Was anyone really shocked to hear Sammy Sosa failed a drug test for steroids? Look, I liked Sosa as a player and as a personality in the game. But, he didn't look natural and was also one of the players who shrank noticeably when baseball strengthened its testing program (which means he probably wasn't taking the really good stuff).
The debate always drifts to whether or not he and other fingered or suspected juicers should be in the Hall of Fame. Sosa, Barry Bonds and Roger Clemens all become eligible in the same year (for the 2013 induction). It will be interesting to see how the BBWAA handle the voting. I've never been a big fan of that group as they seem incapable of analyzing players in the context of their era and of baseball history. They seem to look primarily for "magic numbers" like 3,000 hits, 500 home runs or 300 wins.

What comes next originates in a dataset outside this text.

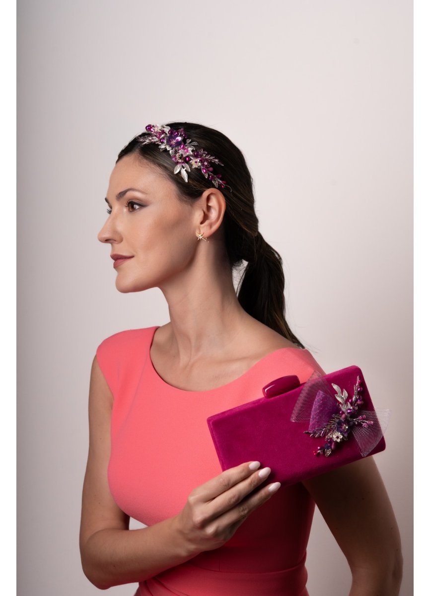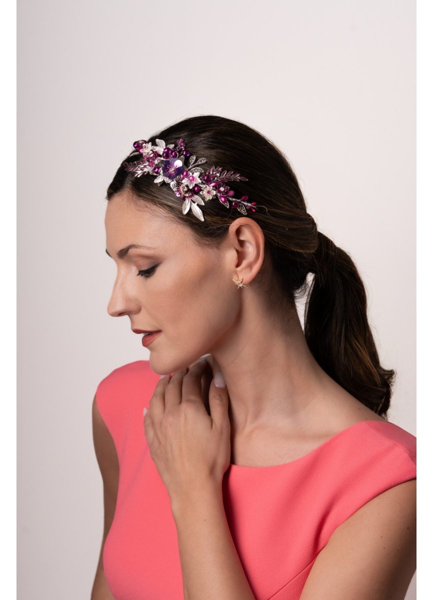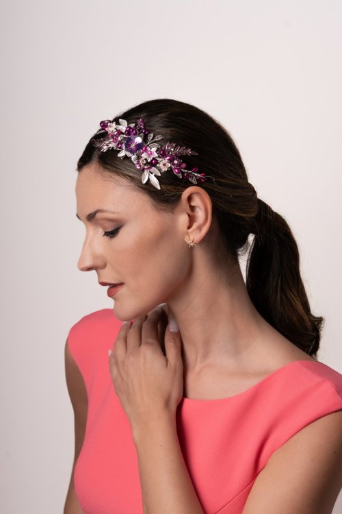 Tocado tipo joya joya en tono buganvilla y plata. En su mayoria realizado con piezas de metal, bolitas y pistilos crean un diseño armonioso. Algunas piezas tienen un nacarado que dan luz. Med. 18cm. Aprox.

Two players who are on the current ballot who get pathetically little support are Alan Trammell and Tim Raines. Trammell is not compared to players in his era or to past shortstops. Instead, he is compared to shortstops who player in the offensive explosion of the 1990s and beyond. He is not far beyond the unanimously-elected Cal Ripken Jr. if you take the Streak out of the equation. Raines was a dominant leadoff hitter for a long time. One of the best players in his league for more than a decade. Quite possibly one of the top five leadoff hitters of all time. My hope is that writers who are so bombastic in their rejection of the phony numbers of the past decade will give a fresh look to players who were truly great when compared to the era in which they played.